AVAILABLE DATA -
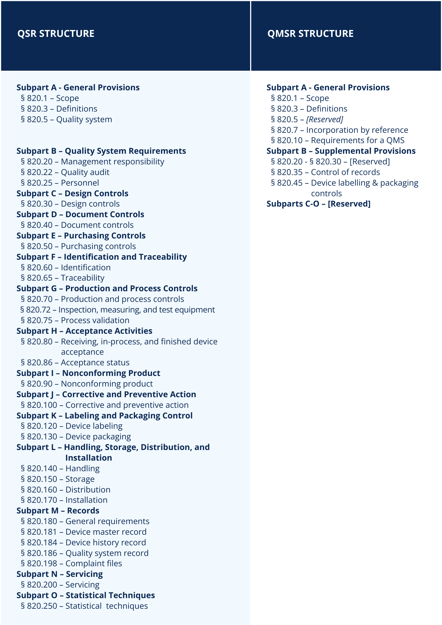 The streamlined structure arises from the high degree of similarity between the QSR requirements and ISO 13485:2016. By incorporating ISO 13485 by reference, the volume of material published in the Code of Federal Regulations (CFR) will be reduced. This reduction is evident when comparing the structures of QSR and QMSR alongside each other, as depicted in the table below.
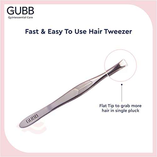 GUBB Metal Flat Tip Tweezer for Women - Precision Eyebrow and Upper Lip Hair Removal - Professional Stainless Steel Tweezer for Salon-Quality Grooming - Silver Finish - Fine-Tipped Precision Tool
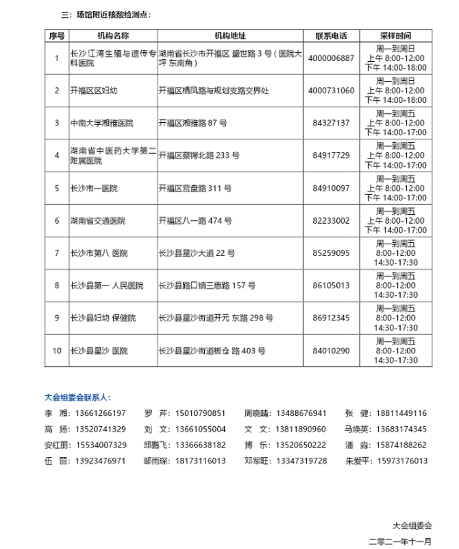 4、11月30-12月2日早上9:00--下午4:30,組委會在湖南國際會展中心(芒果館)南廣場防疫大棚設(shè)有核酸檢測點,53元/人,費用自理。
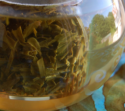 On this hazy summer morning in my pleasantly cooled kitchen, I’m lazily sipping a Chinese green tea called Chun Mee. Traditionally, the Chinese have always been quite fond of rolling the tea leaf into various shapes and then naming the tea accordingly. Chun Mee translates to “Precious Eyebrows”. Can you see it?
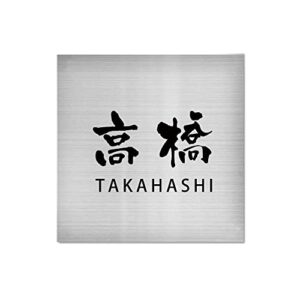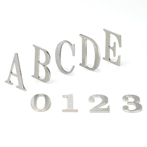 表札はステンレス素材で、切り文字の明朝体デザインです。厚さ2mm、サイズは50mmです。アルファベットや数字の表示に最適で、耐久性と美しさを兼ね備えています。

---

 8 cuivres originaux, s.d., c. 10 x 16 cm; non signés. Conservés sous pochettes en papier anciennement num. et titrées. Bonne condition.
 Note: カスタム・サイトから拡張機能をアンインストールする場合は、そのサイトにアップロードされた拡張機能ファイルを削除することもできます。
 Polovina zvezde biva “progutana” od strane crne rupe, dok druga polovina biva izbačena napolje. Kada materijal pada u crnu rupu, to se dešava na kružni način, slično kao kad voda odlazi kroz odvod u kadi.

PROBLEM REQUIREMENTS - From the records above, copy exactly the lines starting at the one with "The streamlined structure" and ending at the one with "表札はステンレス素材で、切り", and no others. Pictures stay out.

ANSWER TO THIS EXERCISE -
 The streamlined structure arises from the high degree of similarity between the QSR requirements and ISO 13485:2016. By incorporating ISO 13485 by reference, the volume of material published in the Code of Federal Regulations (CFR) will be reduced. This reduction is evident when comparing the structures of QSR and QMSR alongside each other, as depicted in the table below.
 GUBB Metal Flat Tip Tweezer for Women - Precision Eyebrow and Upper Lip Hair Removal - Professional Stainless Steel Tweezer for Salon-Quality Grooming - Silver Finish - Fine-Tipped Precision Tool
 4、11月30-12月2日早上9:00--下午4:30,組委會在湖南國際會展中心(芒果館)南廣場防疫大棚設(shè)有核酸檢測點,53元/人,費用自理。
 On this hazy summer morning in my pleasantly cooled kitchen, I’m lazily sipping a Chinese green tea called Chun Mee. Traditionally, the Chinese have always been quite fond of rolling the tea leaf into various shapes and then naming the tea accordingly. Chun Mee translates to “Precious Eyebrows”. Can you see it?
 表札はステンレス素材で、切り文字の明朝体デザインです。厚さ2mm、サイズは50mmです。アルファベットや数字の表示に最適で、耐久性と美しさを兼ね備えています。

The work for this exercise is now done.